TEXAS – Companies seeking a location for their next distribution facility are being welcomed to Texas with open arms, relatively low costs and a favorable tax environment.
When businesses choose a location they concentrate on such factors as geography, transportation infrastructure, labor supply and costs and business environment.
"The great thing about Texas is you can check off almost every box,” said Tom Sanderson, CEO of Transplace.
Texas’s central location makes it easy to reach consumer markets all across the country, and the state has six of the country’s 20 most populous cities: Houston, San Antonio, Dallas, Austin, Fort Worthand El Paso.
There is land available for greenfield distribution sites near major cities, and land costs and occupancy costs are reasonable compared with prices in metropolitan areas of a similar size.
Border towns of Laredo and El Paso have become hotbeds of logistics and distribution center activity.
Growth in trade with Mexico has sparked a boom in the distribution center market in Dallas-Fort Worth, as the metropolis has proved to be an attractive consolidation point for Mexican-made goods heading north on I-20 or east/west on I-35.

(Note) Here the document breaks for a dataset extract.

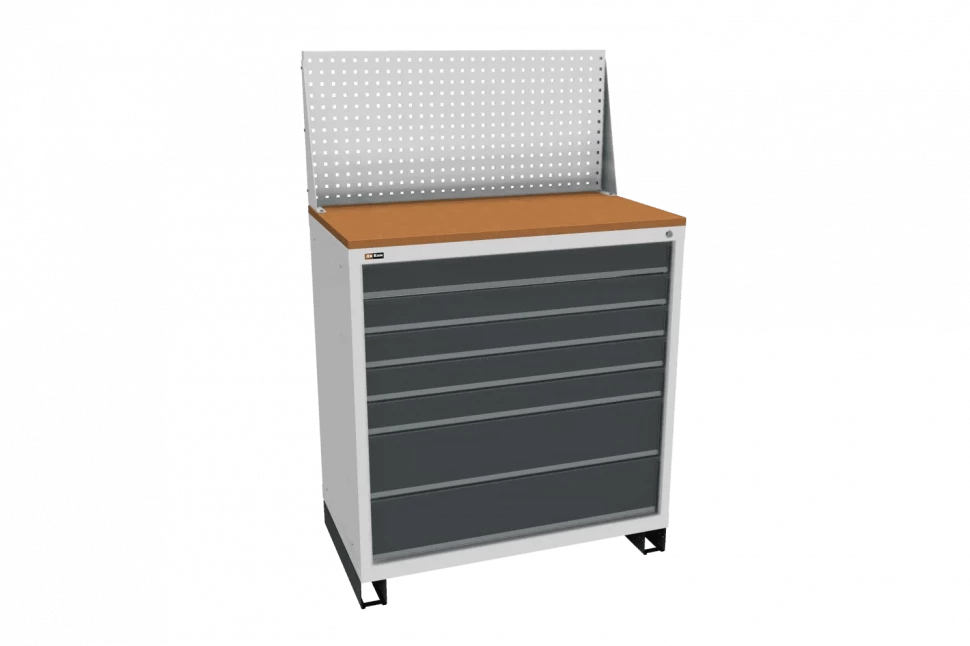 - Семь просторных ящиков с максимальной нагрузкой 60 кг каждый обеспечивают удобный доступ к инструментам.

Texas is the country’s top exporting state, with more than $297.7 billion in exports, according to the state’s Office for Economic Development & Tourism. Principal exports include petroleum and coal, chemicals, computers, nonelectrical machinery and transportation equipment.
Texas has over 3,000 miles of highways, more than any other state. "We do not have, like a lot of other markets, heavy-haul corridors, and as result of that, trucks are welcome on all major thoroughfares," said Will Condrey of Cushman & Wakefield.
Texas is also home to the second-longest rail system in the country and is served by three Class I railroads: the Union Pacific, the Kansas City Southern, and the Fort Worth-based BNSF Railway. The rail system connects Texas to both coasts as well as to Mexico.
For oceangoing freight, the state is home to the 12th-busiest port in the world: the Port of Houston. The state also provides excellent air cargo service, with the Dallas-Fort Worth International Airport (DFW) alone handling more than $50 billion worth of cargo annually.
Texas also has a strong supply of labor, with a civilian work force of more than 13 million people, the second largest (and one of the youngest) in the country.